Uma combinação soalheira

O verão de São Martinho surge por cá associado às castanhas assadas, a uma certa gastronomia de outono e aos cavalos. Mercê sobretudo da famosa Feira da Golegã, ou de São Martinho.

O dia de São Martinho calhou a 11 de novembro (4ª-feira passada), mas a Feira da Golegã vai de fim de semana (o anterior) a fim desemana (este).

Os santos católicos têm vários Martinhos, incluindo um arcebispo de Braga (também chamado de Dume, o húngaro que por aqui cristianizou os suevos, e tem o seu dia a 22 de outubro), mas o que celebramos agora é o antigo bispo de Tours (França, séc. IV, também húngaro, da Panónia).

Filho de um comandante romano, cresceu em Itália, no seio de uma família pagã. Ele próprio seria também soldado romano. Descobriu o Cristianismo na adolescência, sendo mais tarde batizado, e tornando-se discípulo de Santo Hilário, bispo de Poitiers, que o ordenou diácono e presbítero. Fundou perto de Poitiers o mais antigo mosteiro conhecido na Europa, na região de Ligugé. Ficou famoso pelos milagres que lhe atribuem, e por isso atraía multidões.

O seu Dia (11 de novembro) é o da sepultura, três dias depois de morrer, em que se diz ter-se verificado um tempo inesperadamente caloroso e soalheiro. De qualquer modo, a sepultura, em Tours, é local de intensas peregrinações desde o século V.

Mas, para além do enterro, há ainda outra lenda com ele relacionada, dos tempos em que era ainda soldado. Num dia frio e chuvoso de inverno, em que regressava a casa, cruzou-se no caminho com um mendigo, a quem deu metade da capa, logo ali cortada a fio de espada. Mais adiante, deu a segunda metade da capa a outro mendigo. E eis que milagrosamente um sol quente o aqueceu por três dias, até ter tempo de novamente se agasalhar, enquanto Jesus Cristo lhe aparecia num sonho, a agradecer-lhe as vestes. E a verdade é que vamos tendo, neste época, uma nesga anual de verão de outono. Que também tem o seu fim, como atesta outro nosso provérbio: “Se o inverno não erra o caminho, tê-lo-ei pelo S. Martinho”.

O dia começou assim a ser celebrado por toda a Europa, calhando em sítios como Portugal em época de magustos e de provas de vinho novo. E lá diz o ditado: “no dia de São Martinho, vai à adega e prova o vinho”. E nos nossos usos, as comemorações de São Martinho foram-se juntando às muito próximas do dia de Todos-os-Santos, com fogueiras onde se assavam castanhas.

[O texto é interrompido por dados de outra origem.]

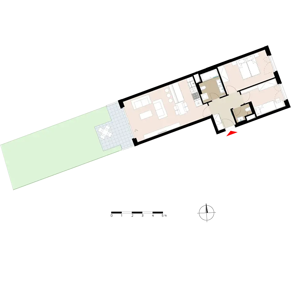 Dominantou bytu je velkorysý obývací prostor s přímým vstupem na zahradu, který poskytuje ideální zázemí pro rodinné posezení i společenská setkání. Zastřešená terasa a zahrada jsou orientovány na západ do klidného, uzavřeného vnitrobloku.

Em Espanha, o dia é muito ligado à matança de porcos (“a cada cerdo le llega su San Martín” – cada porco tem o seu São Martinho).

Mas entre nós, o anexim por excelência, é: “No dia de S. Martinho, castanhas, pão e vinho”. E cá temos por todo o país as castanhas assadas com jeropiga (vinho branco suave tipicamente português, em que se adiciona aguardente ao mosto para parar a fermentação), água pé ou o doce Moscatel de Setúbal. A animação (com petiscos, mercados, passeios de barco ou a cavalo) surge por todo o lado, mas não há como a Feira da Golegã (que este ano celebra a 40ª edição da Feira Nacional do Cavalo e 17ª Feira Internacional do Cavalo Lusitano). De qualquer maneira, é também cada vez mais a época para em toda a parte saírem à vista e ao palato os produtos artesanais.

Golegã: da mesa tradicional à contemporânea

Para quem ainda quiser ir apanhar os restos da Feira da Golegã, este fim de semana, ao almoço ou jantar, vamos propor-lhe entre outras hipóteses as duas que nos parecem mais marcantes: uma de comida tradicional, no restaurante (1º andar) do Café Central, no Lg. da Imaculada Conceição, numa esquina com boa vista para a Praça Central onde tudo se passa (a manga dos cavalos que giram por ali, vários concursos de cavalos, as casetas-pavilhões dos criadores, etc.); ou então o Capriola (restaurante de cariz muito mais contemporâneo, no magnífico e moderno Hotel Lusitano, muito mais afastado daquela praça central, no nº 4 da R. Gil Vicente).

O Café Central é uma casa tradicional da terra, com comida a condizer, muito boa, e frequentado desde sempre não só pelos locais, mas também pelos bons conhecedores de fora. Havia quem lá fosse pela fama das imperiais, mais do que do próprio café.

Já o Capriola, que foi buscar o nome a um movimento de cavalo em alta escola, tem os maiores pergaminhos da região em comida contemporânea, contando agora mesmo, ou há pouco tempo, com o estrelado José Avillez entre os seus consultores culinários.